~第2章 門出と仲間~

15 まさかの国王から依頼です

~冒険者ギルド~


 レベッカの元パーティがドラシエル王国から追放されて早3ヶ月が経っていた――。


 俺は1週間の謹慎期間が終わった後、再びレベッカとクエストを受け続ける日々を送り、これ以上なく順調にパーティランクを上げていった。

 

 その一方で、どうやらグレイ達はクエストを失敗し続けているらしいと小耳に挟んだが、やはりもう何とも思わなかった。



「――そう言えばルカのパーティーもうAランクに上がったってよ」

「マジで⁉ つい最近Bに上がったばかりじゃ……?」

「やっぱりSSSランクの実力は本当なのかも」

「確かにな。ルカが抜けた途端グレイのパーティーはAランクに落ちしたらしいし」

「その情報古いわよ。グレイ達は今Bランクだから」


 ギルドの食堂でもこの話題で持ちきりだったとさっきレベッカが言っていた。


 あれからグレイ達の姿を見掛けていないが、どうやら原因はそれも関係しているんだろう。プライドの高いグレイの事だから、心中穏やかじゃない状態だと手に取る様に分かる。

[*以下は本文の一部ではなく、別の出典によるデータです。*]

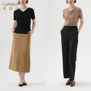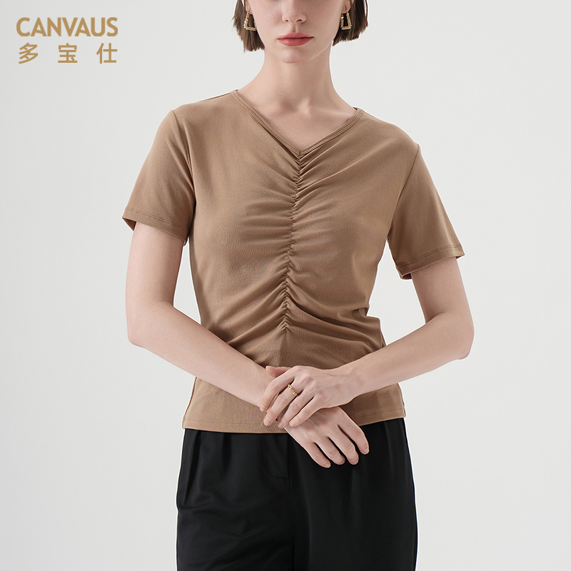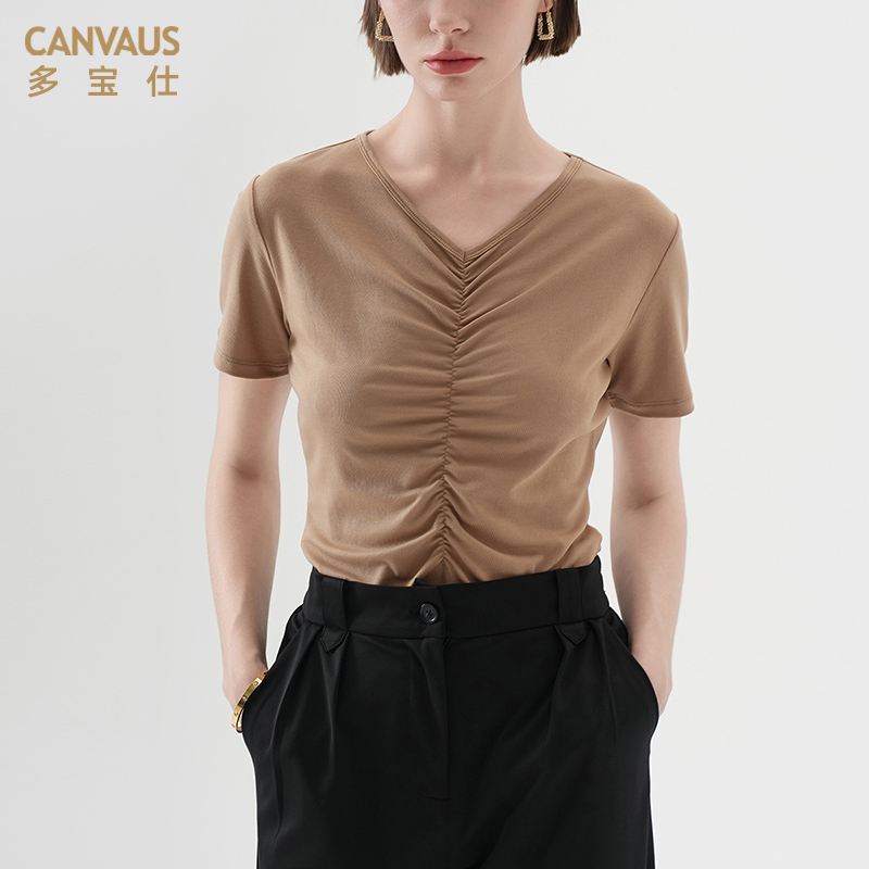 新款 上衣2025夏季 收腰减龄T恤 V领简约百搭洋气小衫 多宝仕黑色短袖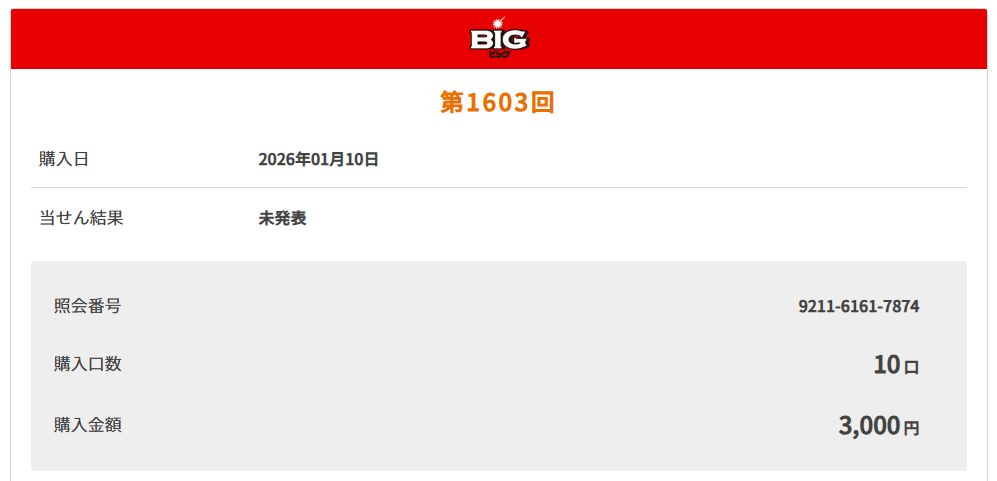 2025/10/01にサッカーくじ公式サイトで購入した第1574回BIGで2等当せんしました。

 この間見かけた時もなにか揉めていたみたいだし、パーティランクも落ちて皆イライラしてるんじゃないかな……?


 まぁ俺には関係ないしどうでもいいんだけど、流石Bランクまで落ちてしまうとクエストを受けなきゃ生活も出来ないだろう。Sランクなら1回のクエストで暫く困らない報酬を受け取れるけど、最近失敗してるみたいだし貯金もほぼない筈。


「――ま、そんな事どうでもいいか」

「何がどうでもいいの?」


 俺が無意識で呟いた独り言をレベッカに聞かれてしまった様だ。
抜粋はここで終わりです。